Alpha software timeline:
- Dec 20: Commit d255f91 removes scan_updates references from frontend
- Dec 22: Migration 024 created to "disable" updates subsystem
- Dec 23: Agent re-registration issues discovered (our current session)
The pace suggests **iterative development** - fix the immediate blocker (404 errors), clean up later.
### ETHOS & README Alignment
**ETHOS Principles** (from `/home/casey/Projects/RedFlag/docs/1_ETHOS/ETHOS.md`):
1. **"Errors are History, Not /dev/null"** - Track what changed, but don't preserve broken code
2. **"No Marketing Fluff"** - Don't add features/code that serve no purpose
3. **"Assume Failure; Build for Resilience"** - Clean state, not ambiguous state
4. **"Idempotency is a Requirement"** - Consistent behavior
**README Claims**:
- "Breaking changes may happen between versions"
- "Full Reinstall (Nuclear Option)" as cleanup strategy
- Alpha software, users can handle breaking changes
**Analysis**:
- Option B (complete removal) better aligns with ETHOS
- Option A (partial fix) creates technical debt that violates "No Fluff"
- README accepts breaking changes, so Option B is acceptable
## Recommendation
### Recommended: Option B (Complete Removal)
**Rationale**:
1. **ETHOS-aligned**: Clean, honest code without ambiguity
2. **Alpha-appropriate**: Users can reinstall
3. **Self-documenting**: Clear that platform-specific is the architecture
4. **Prevents future bugs**: No chance of scheduler creating `scan_updates` commands
5. **Original intent**: Author appears to have planned this but didn't finish
**Arguments Against Option A**:
1. **Technical debt**: 12 files with dead code
2. **Inconsistent state**: Some places disable, some reference
3. **Future confusion**: Developer sees `Updates` field, thinks it's used
4. **Potential bugs**: Could add `updates` validation somewhere and break
5. **Not future-proof**: Eventually someone has to clean this up
**Risk Mitigation for Option B**:
1. Test migration on backup first
2. Document in release notes: "Breaking change - agents may need re-registration"
3. Provide manual SQL for users who hit issues: "Run: DELETE FROM agent_subsystems WHERE subsystem='updates'"

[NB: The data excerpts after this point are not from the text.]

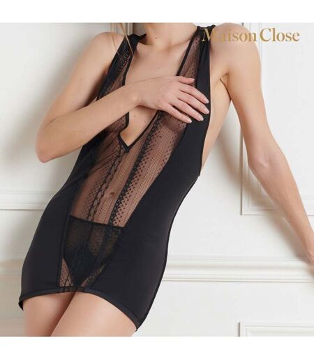 Maison Close incite au désir avec la collection fatale Sacré Cœur. Entrez en scène avec cette nouvelle collection inspirant à un spectacle passionnel avec sa trame de couleur rouge se logeant côté cœur. La dentelle se mêlera parfaitement à la fine résille ne laissant apparaître seulement l’essentiel afin d’attiser la curiosité. Contrasté à l’opacité de la microfibre, ce trio de matières noires est digne d’une grande dame ne révélant pas ses secrets… Laissez-vous charmer pour des moments intimes sous les projecteurs tamisés de l’amour. Le Débardeur Sacré Coeur Noir est une pièce de lingerie très sensuelle et unique qui mettra vos courbes en valeurs avec la coupe moulante et élastique chic et sexy. Composé en microfibre et dentelle finement travaillée, sa transparence attisera la curiosité et le désir de votre partenaire. Les seins seront habillés par la microfibre noire ultra confort en contraste avec la résille mêlée à la dentelle noire apportant une touche d'élégance à votre tenue. Le décolleté largement plongeant en V et le dos entièrement transparent en résille offre une vue imprenable sur vos atouts. Composition : Microfibre : 84% Nylon, 16% Élasthanne ; Dentelle : 82% Nylon, 18% Élasthanne ; Résille : 86% Nylon, 14% Élasthanne Tailles S, M, L, XL. ...
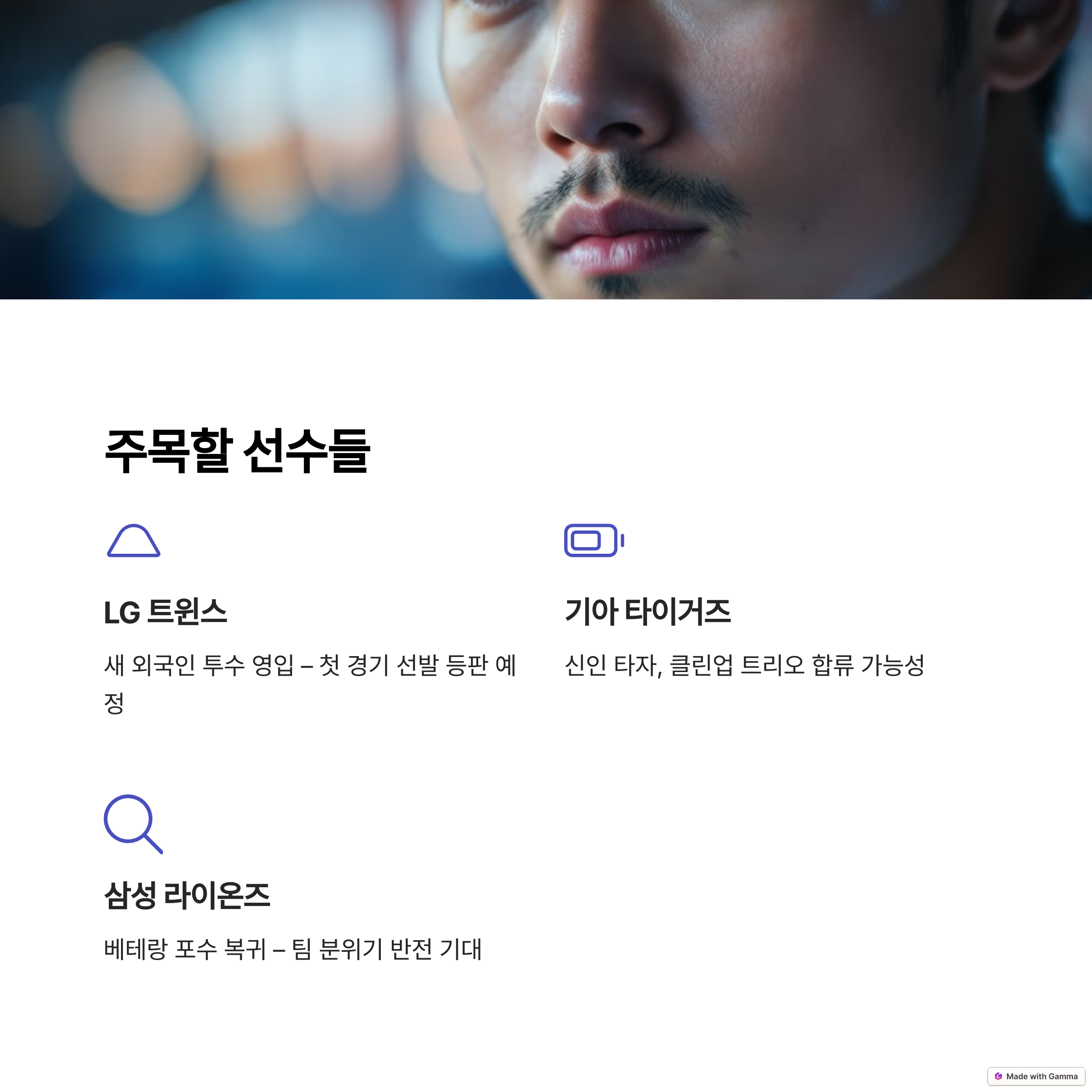 - LG 트윈스: 새 외국인 투수 영입 – 첫 경기에서 선발 등판 예정
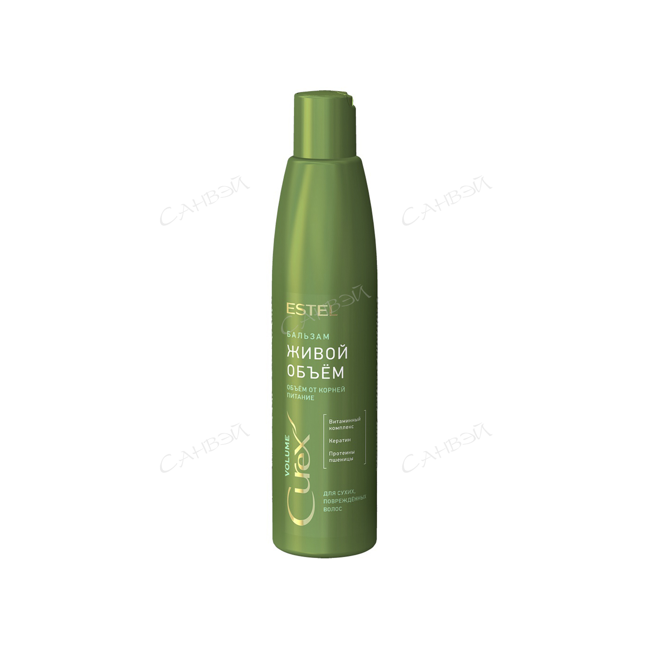 Estel Бальзам "Живой объём" для сухих, повреждённых волос CUREX VOLUME 250 мл. из интернет-магазина Санвэй cодержит провитамин В5, витаминный комплекс и масло персика. Активно увлажняет и питает, придает шелковистый блеск сухим и поврежденным волосам.
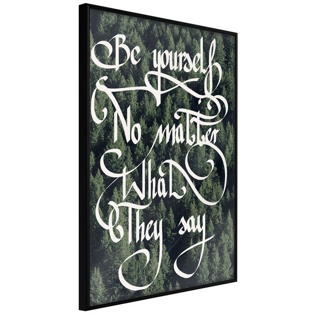 Poster "Poster - Be Yourself" is een product van ons ontwerpteam, dat ervoor zorgt dat onze voorstellen altijd modieus zijn. De poster is beschikbaar in enkele formaten en met verschillende lijsten, zodat je eenvoudig een variant vindt die aan jouw smaak voldoet.

4. Add validation with clear error messages
## Implementation Checklist
### Phase 1: Database Migrations
- [ ] Edit `015_agent_subsystems.up.sql` - Remove INSERT for 'updates'
- [ ] Edit `015_agent_subsystems.up.sql` - Remove 'updates' from trigger
- [ ] Edit `022_add_subsystem_to_logs.up.sql` - Remove 'updates' from constraint
- [ ] Rewrite `024_disable_updates_subsystem.up.sql` - DELETE instead of UPDATE
- [ ] Rewrite `024_disable_updates_subsystem.down.sql` - INSERT for rollback
- [ ] Edit `025_platform_scanner_subsystems.down.sql` - Remove 'updates' from trigger
### Phase 2: Agent Config
- [ ] Edit `aggregator-agent/internal/config/subsystems.go` - Remove Updates field
- [ ] Edit `aggregator-agent/internal/config/subsystems.go` - Remove from defaults
- [ ] Edit `aggregator-agent/internal/config/config.go` - Remove Updates migration
### Phase 3: Agent Code
- [ ] Edit `aggregator-agent/cmd/agent/main.go` - Remove updates case
### Phase 4: Server Code
- [ ] Edit `aggregator-server/internal/command/validator.go` - Remove from validActions
- [ ] Edit `aggregator-server/internal/api/handlers/subsystems.go` - Add validation
### Phase 5: Frontend (Optional)
- [ ] Edit `aggregator-web/src/types/index.ts` - Remove from types if needed
- [ ] Remove references in command-naming comments
### Phase 6: Testing
- [ ] Test fresh install: Empty DB, run migrations, verify no updates rows
- [ ] Test existing DB: With updates rows, run migrations, verify deleted
- [ ] Test agent re-registration
- [ ] Test API validation (try to trigger updates, should fail)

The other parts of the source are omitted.